WORK INSTRUCTION: Each line from the one holding "Vestaglia elegantissima vestaglia" to the last line below must be restated word for word, and no picture may be included.

Segment Start: DATA EXTRACT

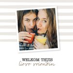 Wens je vriendin een fijne thuiskomst met de tekst: Welkom thuis, lieve vriendin. Ook kun je een foto toevoegen.
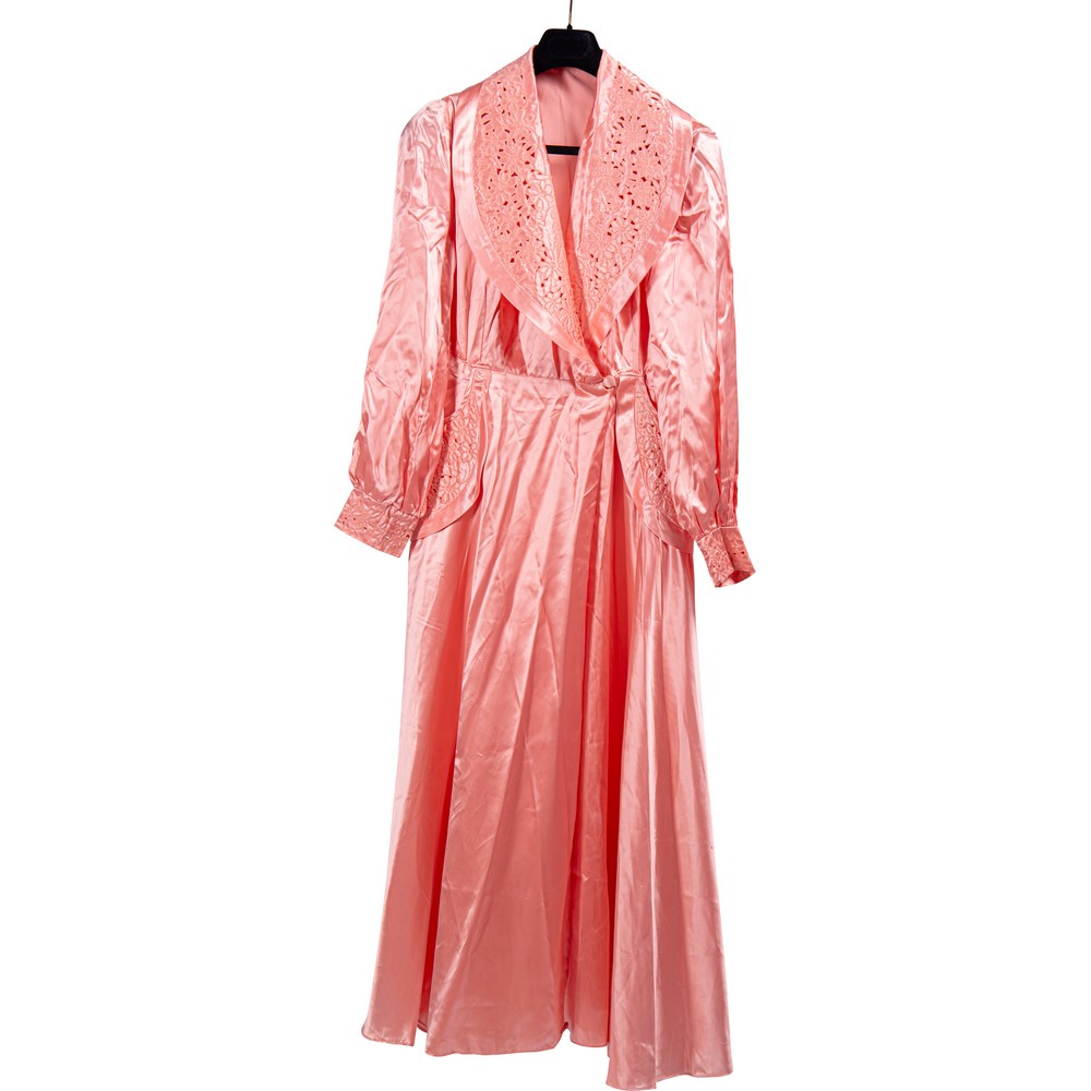 Vestaglia elegantissima vestaglia in raso di seta color rosa. Il collo è sciallato da due ampi rêvers che vedono il raso trapuntato e traforato a motivi floreali contornati da cordoncino di seta color rosa. La stessa lavorazione decora i polsi e le patte delle ampie tasche. Altezza tot.: cm 152 - vita: cm 95 - circ. tot.: cm 240.
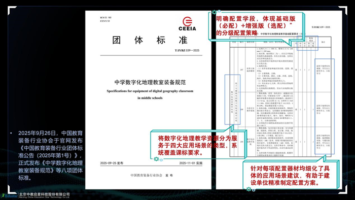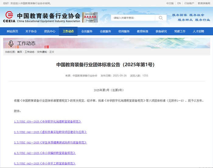 2025年9月26日,中國教育裝備行業協會于官網發布《中國教育裝備行業團體標準公告(2025年第1號)》,正式發布《中學數字化地理教室裝備規范》等八項團體標準。

Segment End: DATA EXTRACT

TASK SOLUTION:
 Vestaglia elegantissima vestaglia in raso di seta color rosa. Il collo è sciallato da due ampi rêvers che vedono il raso trapuntato e traforato a motivi floreali contornati da cordoncino di seta color rosa. La stessa lavorazione decora i polsi e le patte delle ampie tasche. Altezza tot.: cm 152 - vita: cm 95 - circ. tot.: cm 240.
 2025年9月26日,中國教育裝備行業協會于官網發布《中國教育裝備行業團體標準公告(2025年第1號)》,正式發布《中學數字化地理教室裝備規范》等八項團體標準。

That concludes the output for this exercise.